Radio-interview with Minka Zeilstra of Blue Butterfly Naturals

Minka Zeilstra is Dutch importer and happy owner of the webshop Blue Butterfly Naturals. This sympathetic entrepreneur sells natural textile products and accessories of the Peruvian Andes and jungle in Europe. As radio-commentator at Radioprogram AMIGOS (directed by Lida Poldervaart Ramirez) I was curious to know about her business experience, her mission and future goals. Here below the interview.

Angélica: “How was your company born? Do you have a specific mission?”

Minka: “In 2010 I made a great trip around Chile, Bolivia and Peru. This trip opened a whole new world for me. I saw the most beautiful mountains in the world, the Andes. I saw the alpacas in Bolivia and Peru, and the unique wool products the people made by hand. The local people are very poor but they live a dignified life. I was touched by that. Once back in the Netherlands I realized there should be a market for alpaca wool and these beautiful handmade products. So I started Blue Butterfly Naturals with the mission to buy directly from these manufacturers so that they would benefit themselves the most. It is very important to me that the local craftsmen benefit and that they are not abused as happens regularly. For example there have been Australian and Chinese companies in Peru importing the alpacas for purely commercial motives.”
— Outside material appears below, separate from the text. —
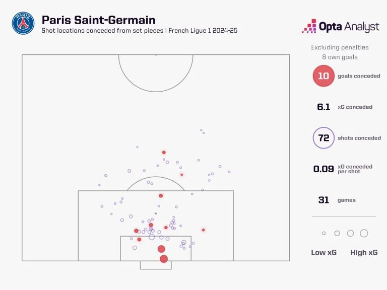 А еще у французского гранда есть уязвимость при обороне на стандартах, что в контексте противостояния с Арсеналом крайне неприятно. Только четыре команды Лиги 1 пропустили больше голов со стандартов (11), чем подопечные Луиса Энрике (10). С угловых, штрафных и аутов соперники ПСЖ наиграли на 6,2 ожидаемых гола– это 21% от общего количества ожидаемых пропущенных голов Парижа.
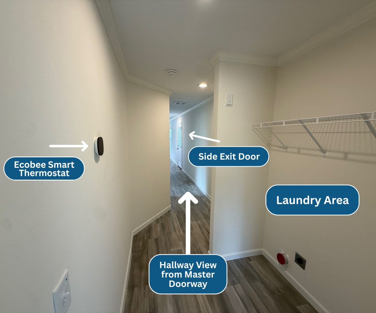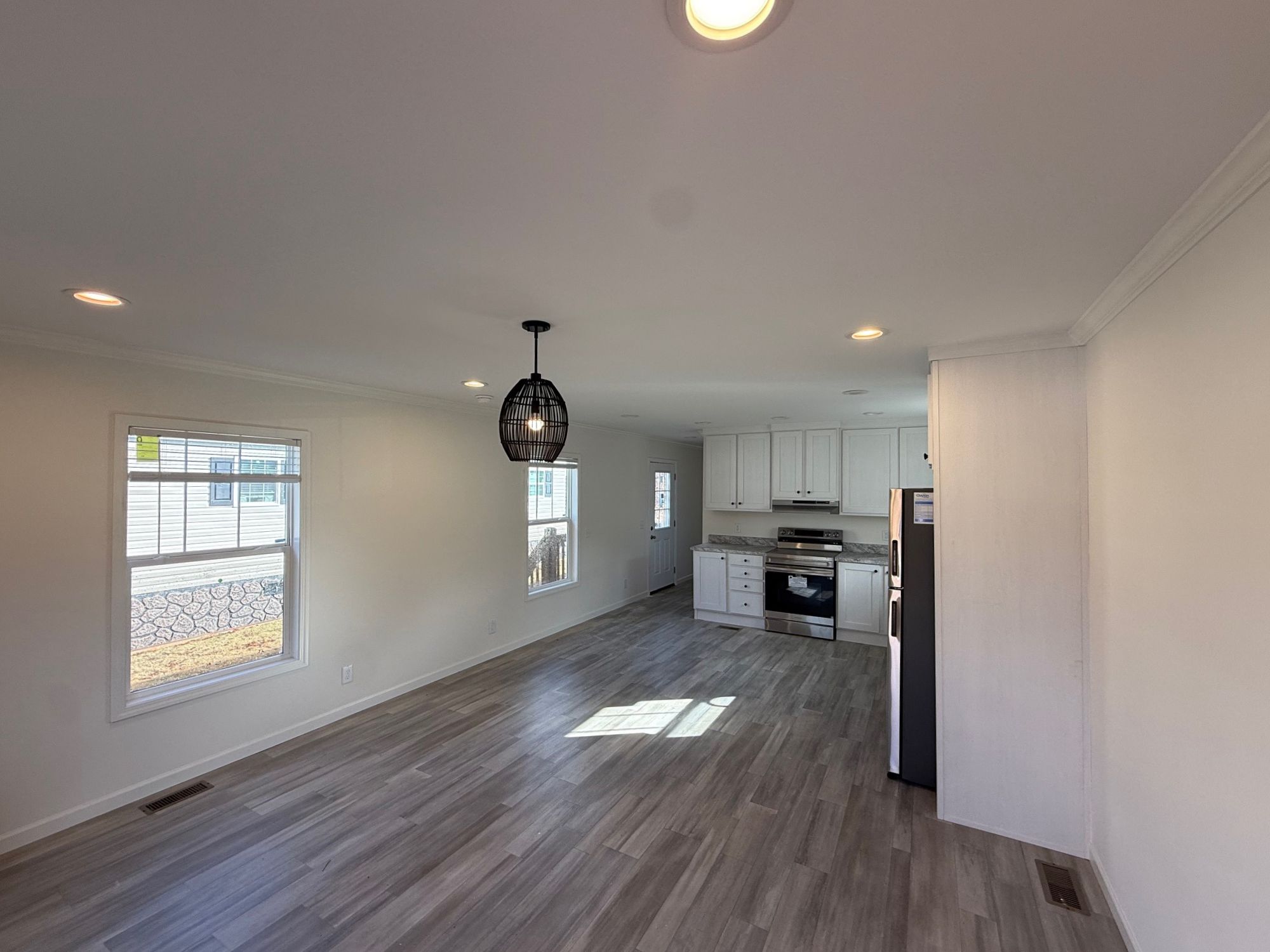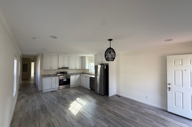 Inside, you’ll find durable vinyl flooring throughout and a bright, functional living space that flows easily into the kitchen. The home features brand-new kitchen appliances, stainless steel finishes, and a smart thermostat for added efficiency. In the primary bathroom, a double vanity and extra storage provide everyday convenience.

Angélica: “What are your best selling products? And what are your future plans?”

Minka: “Until last year socks and gloves of alpaca wool were favorites. Oh, and the baby hats. Other popular products are the alpaca shoes and the alpaca coat. But it is not easy to keep my business affordable due to import tariffs.
Furthermore, due to another busy job, I do not always have enough time to dedicate myself sufficiently to my company. For the future I want a more serious website that works better. I would also like to offer my products in other European countries. I am thinking of Norway and Germany. In recent years I have had sufficient clients from Belgium. The Dutch people still do not really know how to value products made by hand with Alpaca wool. They are not always willing to pay the price it deserves. In addition to alpaca wool products, I want to develop more hand-woven bags. With natural dyed textiles, so there are no chemicals applied.”

This slideshow requires JavaScript.

Angélica: “How do you see sustainability in the textile sector in Peru? How do you try to discern yourself as a company in that aspect?”

Minka: “I think, without really realizing it, the Peruvians have a fairly sustainable textile production, because it is usually natural. But to really create a sustainable label for the export market it is more complicated, because a lot of intermediaries enter the market.

Concerning my own business activities, for the bags I sell, I work together with a foundation in Peru that allows me to buy directly from the weavers. They have the same goal: they only use natural raw materials and wool dyed with natural means, and also handmade. So there is no residual water or processed plastic.
For my alpaca products I work together with individual craftsmen/women and I always ask them to use pure wool or hair. You have to explain it to them because sometimes they do not care about or understand the importance of having pure wool.”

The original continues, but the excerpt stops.